Set the stage with a text like, “Finally, some alone time. Want to make it interesting?” or “I’ve been thinking about you all day… ready to make things steamy?” It’s all about building anticipation when both of you are primed for it.
8. Keep things fun and lighthearted
Sexting doesn’t have to be serious—keeping it fun and light can make it even more appealing. Send a playful selfie or a humorous, flirty message that makes your partner laugh.
For instance, “If you were here, I’d be giving you all the attention… but I guess I’ll just keep these thoughts to myself.” Playfulness takes away any pressure and keeps the vibe relaxed and inviting.
9. Understand your partner’s comfort zone
One of the keys to successful sexting in relationships is respecting your partner’s boundaries. Everyone has different comfort levels, so try to gauge what feels right for them.
If your partner is new to sexting, start slow and see how they respond. A simple message like, “Is it okay if I tell you a little fantasy I have?” shows you’re attentive to their feelings and gives them a chance to engage on their own terms.
10. Break free from routine with playful surprises
Marriage doesn’t mean intimacy has to fall into predictable patterns. Use sexting as a way to shake things up and add an element of surprise!

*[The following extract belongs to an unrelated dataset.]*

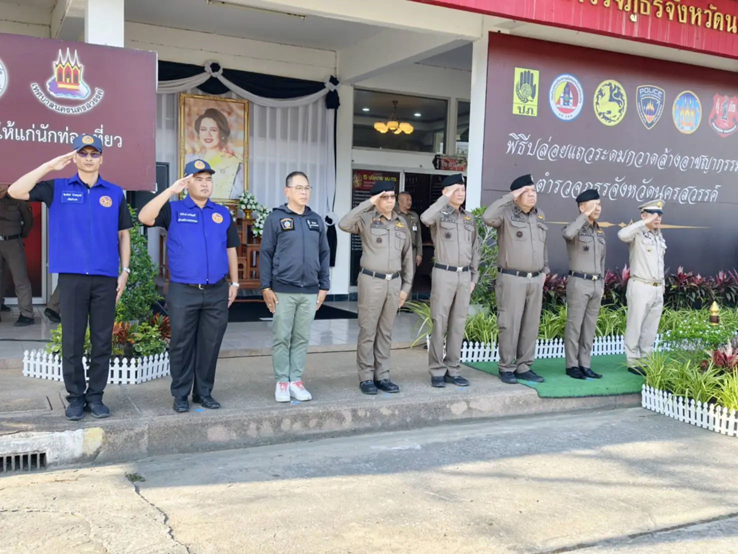 วันที่ 17 ธันวาคม 2568 บริเวณด้านหน้าอาคารตำรวจภูธรจังหวัดนครสวรรค์ อำเภอเมืองนครสวรรค์ จังหวัดนครสวรรค์ พลตำรวจตรีนเรวิช สุคนธวิท ผู้บังคับการตำรวจจังหวัดนครสวรรค์ เป็นประธานในพิธีปล่อยแถวป้องกันปราบปรามอาชญากรรม การรักษาความสงบเรียบร้อย การบังคับใช้กฎหมายและอำนวยความสะดวกด้านการจราจรในช่วงวันคริสต์มาสและเทศกาลปีใหม่ โดยมี นายเศวต เพชรนุ้ย รองผู้ว่าราชการจังหวัดนครสวรรค์ พร้อมด้วยรองผู้บังคับการตำรวจภูธรจังหวัดนครสวรรค์ กำลังพลและเจ้าหน้าที่จากสถานีตำรวจภูธร กองอำนวยการรักษาความมั่นคงภายในจังหวัดนครสวรรค์ กองอาสารักษาดินแดนจังหวัดนครสวรรค์ และหน่วยงานที่เกี่ยวข้อง เข้าร่วมในพิธีปล่อยแถวในครั้งนี้

Send a spontaneous, out-of-the-blue message like, “Remember that thing we talked about? Ready to make it happen?” or “Just a reminder… you’re still my favorite daydream.” Playful surprises help reignite the spark, reminding you both that excitement and romance can always evolve.
Need more ideas? Here are some simple texts that can reignite your relationship in a subtle and unexpected way:
Safety advice and special considerations
When it comes to sexting, especially in committed relationships, it’s essential to keep safety and privacy in mind.

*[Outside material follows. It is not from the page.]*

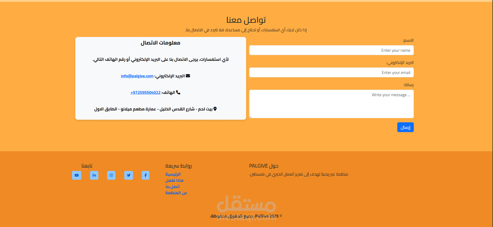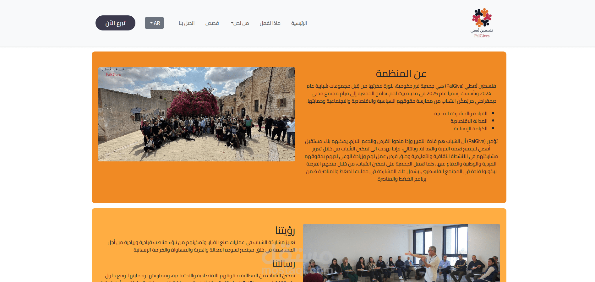 "عملت على تصميم وتطوير الموقع الرسمي لمنظمة فلسطين تُعطي، وهي منظمة غير ربحية تهدف لتمكين الشباب الفلسطيني. استخدمت تقنيات HTML، CSS، Bootstrap، وJavaScript لإنشاء موقع سريع، متجاوب، وسهل الاستخدام. شمل العمل صفحات تعريفية، نظام تبرعات آمن، وتكامل مع منصات التواصل. ركزت على إبراز الهوية البصرية للمنظمة وإيصال رسالتها بوضوح من خلال التصميم."

While it can be a fun way to deepen intimacy, remember that digital messages are sometimes less secure than they appear. Protecting your relationship’s privacy means being mindful of where and how you’re sharing these intimate messages.

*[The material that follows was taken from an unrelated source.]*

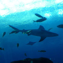 Das tolle hier ist aber, dass es nicht nur all das gibt, was wir aus Schönbrunn oder dem Haus des Meeres kennen, sondern dass es, wie es sich für das größte Aquarium der Welt schließlich auch gehört, auch richtig große Fische wie zum Beispiel Walhaie, die schon mal gut über 10m lang werden, gibt. Und die meisten sind im größten Becken, das alleine ganze 24.000m³ fasst, vereint.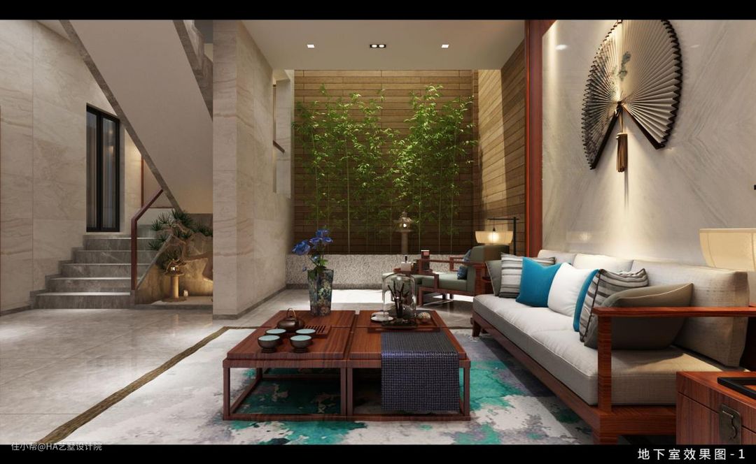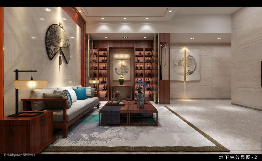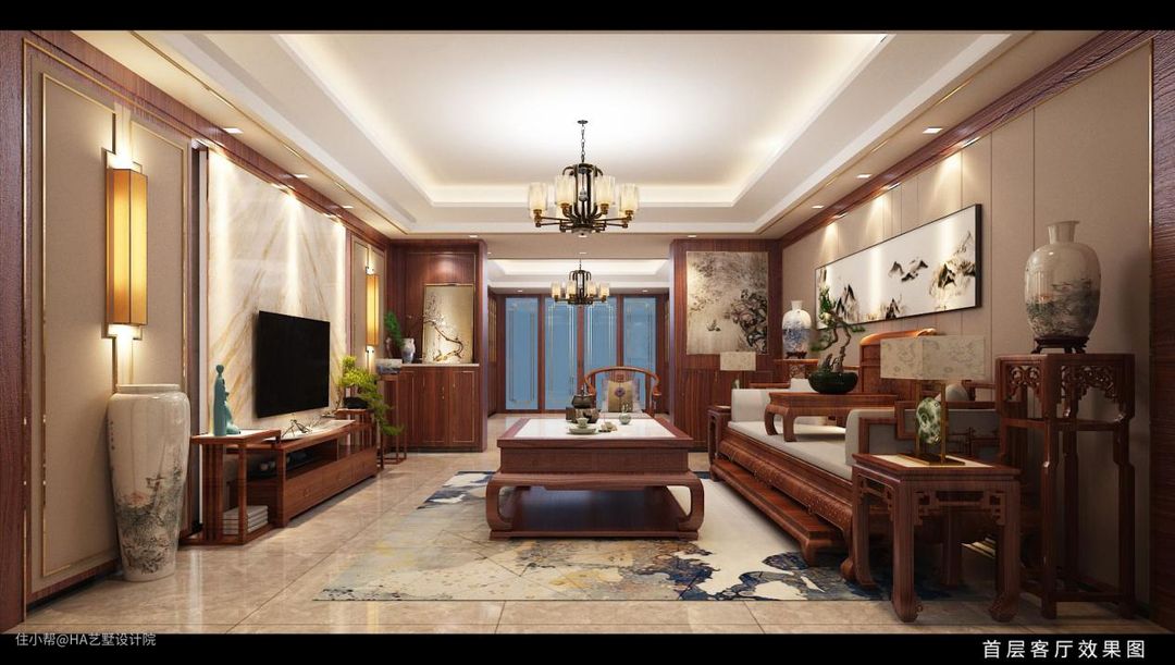 选用材料:大理石地砖、墙砖,落地窗、红木家具、新中式装饰画、极简筒灯、中式壁灯等

Here are a few quick tips to keep your sexting safe and enjoyable:
- Use a secure platform: Opt for messaging apps with strong encryption, like Signal or WhatsApp, for added privacy.
- Avoid public Wi-Fi: Public networks are less secure, making it easier for personal messages to be intercepted.
- Delete after reading: Set messages to disappear after they’re read, or agree to delete them manually to avoid accidental discovery.
- Know your boundaries: Only send what you’re comfortable sharing, and respect each other’s boundaries at all times.
- Be cautious with photos: If sending photos, consider keeping your face out of frame to ensure a bit of anonymity.
Evoke the playful side
There you have it—a fresh, exciting way to deepen your bond and keep your marriage lively! Sexting isn’t just about spicing things up; it’s about keeping the playfulness alive and showing each other that your relationship is anything but ordinary.
Embracing the fun and adventurous side of your relationship can transform even the busiest days into shared, intimate moments. So, don’t hesitate to send that flirty message or plan a little surprise text just to make them smile.
Ready to take the plunge? Start small, build up the tension, and most importantly—enjoy every bit of this new way to connect.
Remember, the best part is creating something that’s unique and special just between the two of you. So, what are you waiting for? Your partner might just be waiting for a message!